What this task involves: From the line holding "Mexen Milo granito" through the line holding "Fototapeta premium Hot" below, write out every line exactly; include both of those lines and drop the pictures.
─── Supplied material ───
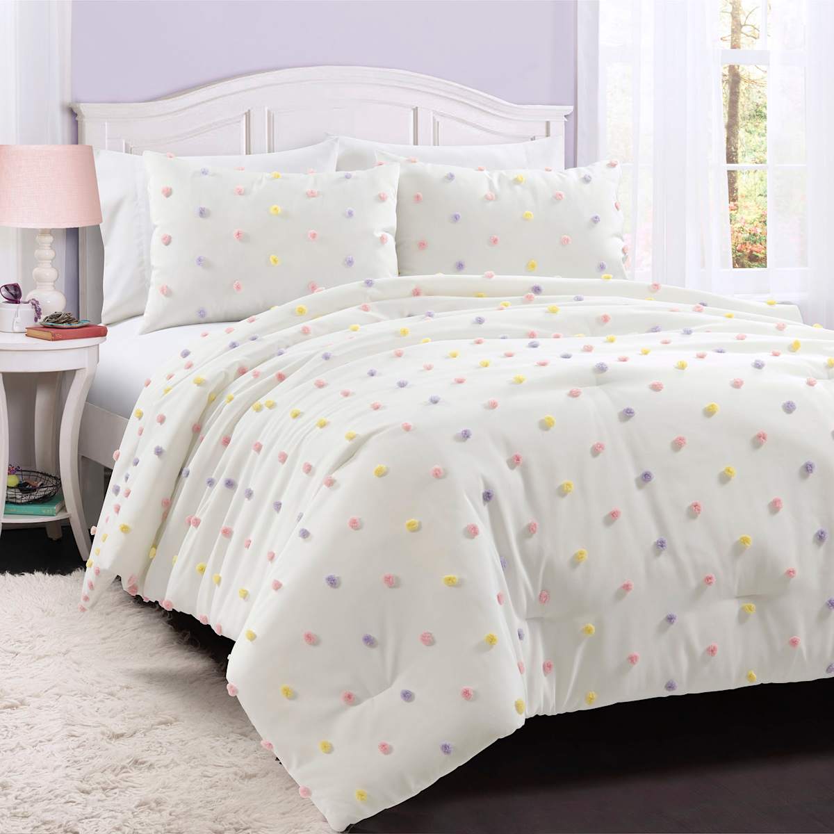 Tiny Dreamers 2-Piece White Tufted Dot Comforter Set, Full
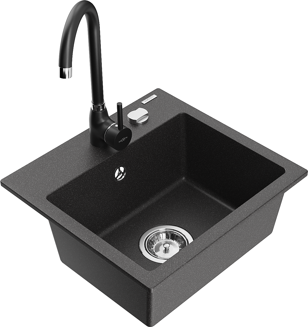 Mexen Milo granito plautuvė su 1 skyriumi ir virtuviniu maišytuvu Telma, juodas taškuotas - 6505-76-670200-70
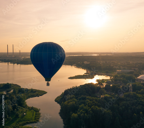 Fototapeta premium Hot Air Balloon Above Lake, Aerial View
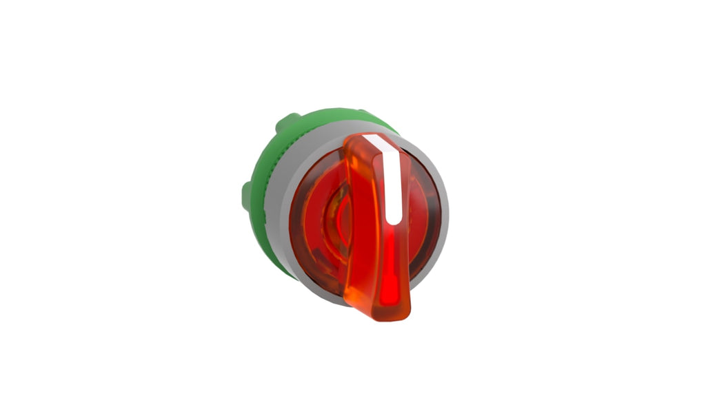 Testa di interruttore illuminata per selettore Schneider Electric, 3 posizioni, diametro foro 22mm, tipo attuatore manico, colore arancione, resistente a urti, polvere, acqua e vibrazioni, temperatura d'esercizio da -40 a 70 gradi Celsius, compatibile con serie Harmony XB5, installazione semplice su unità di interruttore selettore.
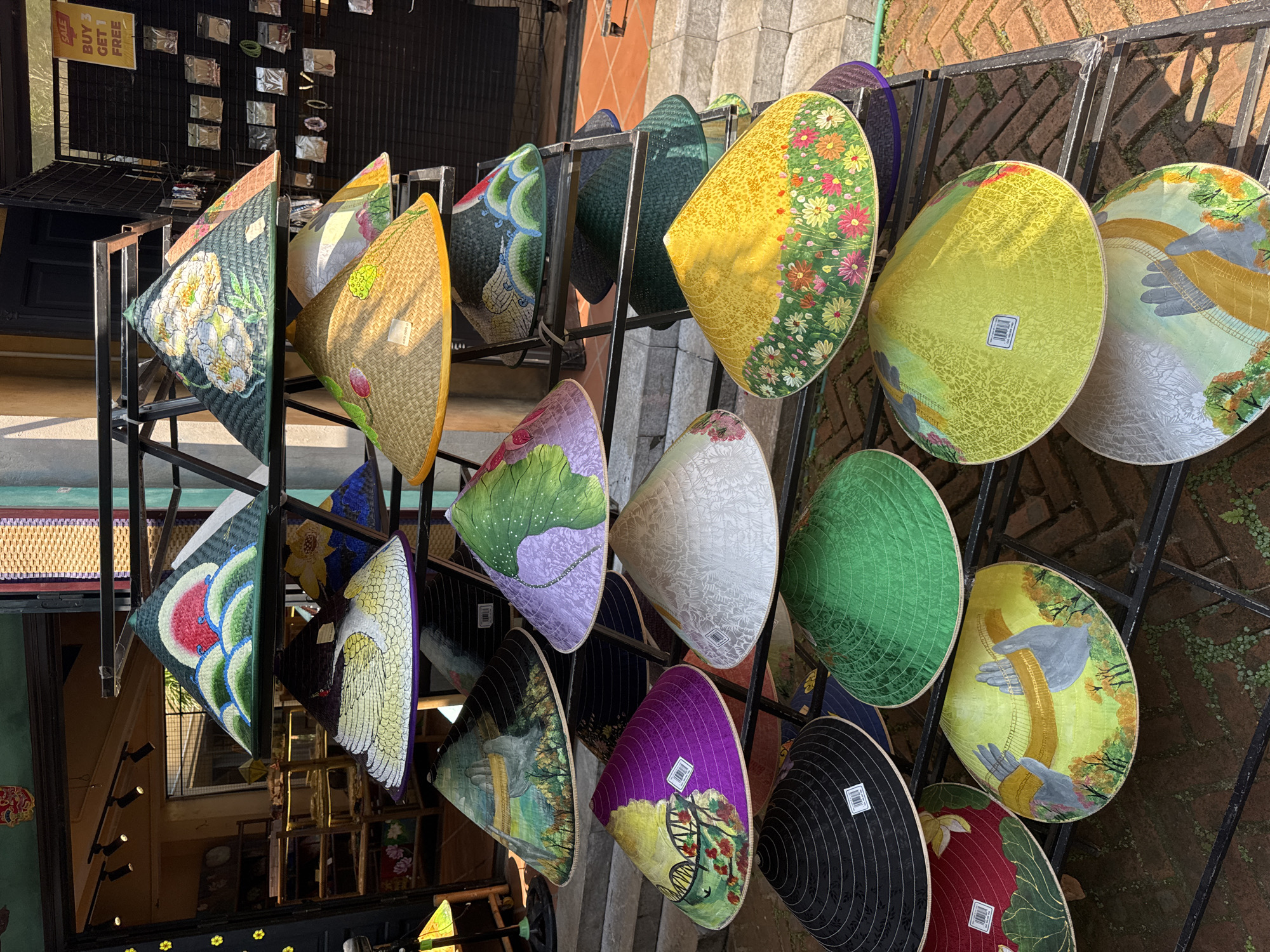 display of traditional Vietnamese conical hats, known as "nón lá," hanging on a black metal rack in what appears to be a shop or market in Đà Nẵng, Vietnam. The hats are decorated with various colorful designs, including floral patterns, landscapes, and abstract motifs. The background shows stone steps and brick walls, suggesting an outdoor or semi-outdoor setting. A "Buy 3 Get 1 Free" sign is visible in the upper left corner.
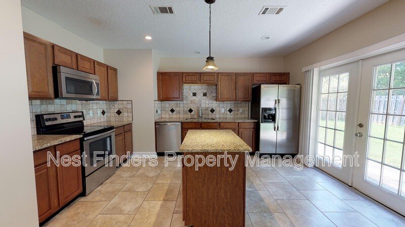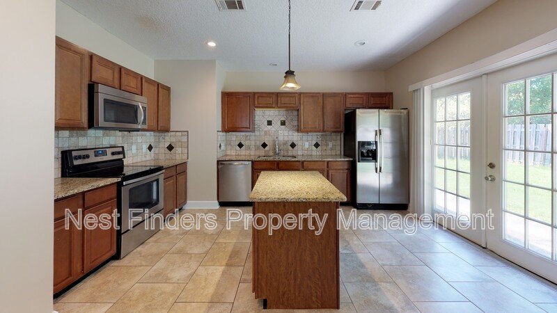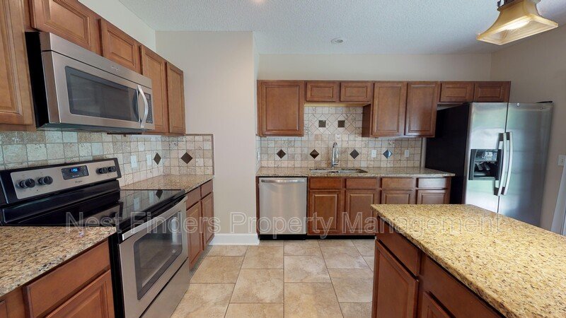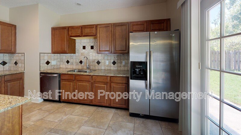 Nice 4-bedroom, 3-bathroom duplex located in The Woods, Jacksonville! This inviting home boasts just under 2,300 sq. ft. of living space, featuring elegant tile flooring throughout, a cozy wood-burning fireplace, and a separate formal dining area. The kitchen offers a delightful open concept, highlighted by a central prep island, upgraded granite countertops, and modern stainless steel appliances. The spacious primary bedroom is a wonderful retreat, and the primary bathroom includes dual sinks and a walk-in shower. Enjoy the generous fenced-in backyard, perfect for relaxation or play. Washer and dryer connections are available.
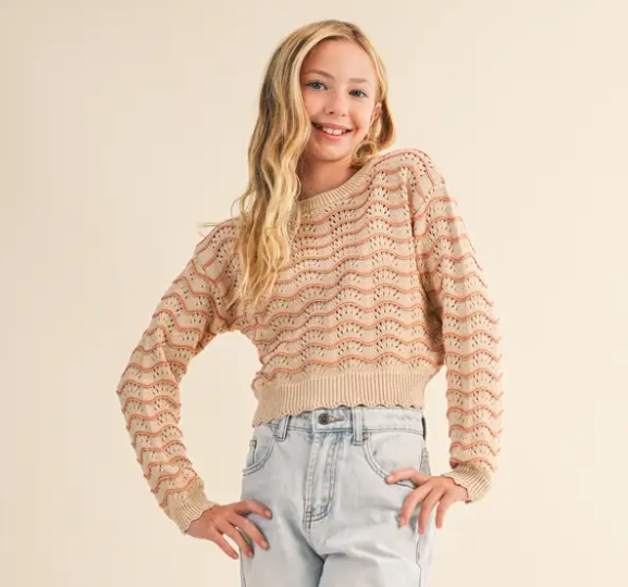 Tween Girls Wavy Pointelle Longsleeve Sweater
───
─── Supplied material ───
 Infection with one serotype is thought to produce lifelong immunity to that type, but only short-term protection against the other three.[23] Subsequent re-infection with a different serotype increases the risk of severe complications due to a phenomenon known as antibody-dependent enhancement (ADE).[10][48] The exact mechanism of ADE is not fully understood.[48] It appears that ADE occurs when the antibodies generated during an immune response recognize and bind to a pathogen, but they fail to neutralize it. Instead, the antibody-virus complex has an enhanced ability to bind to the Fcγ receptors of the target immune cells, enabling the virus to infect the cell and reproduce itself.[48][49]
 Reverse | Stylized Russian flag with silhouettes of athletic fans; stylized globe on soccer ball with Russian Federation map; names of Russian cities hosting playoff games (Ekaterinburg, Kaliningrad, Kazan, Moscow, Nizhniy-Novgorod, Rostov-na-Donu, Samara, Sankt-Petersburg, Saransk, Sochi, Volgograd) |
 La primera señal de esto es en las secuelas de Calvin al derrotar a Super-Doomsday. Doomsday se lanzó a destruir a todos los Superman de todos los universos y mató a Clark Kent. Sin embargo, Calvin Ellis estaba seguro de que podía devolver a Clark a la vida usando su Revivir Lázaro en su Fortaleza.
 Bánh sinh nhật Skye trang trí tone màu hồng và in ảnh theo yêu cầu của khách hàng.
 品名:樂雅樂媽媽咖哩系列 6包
───
Reply:
 Mexen Milo granito plautuvė su 1 skyriumi ir virtuviniu maišytuvu Telma, juodas taškuotas - 6505-76-670200-70
 Fototapeta premium Hot Air Balloon Above Lake, Aerial View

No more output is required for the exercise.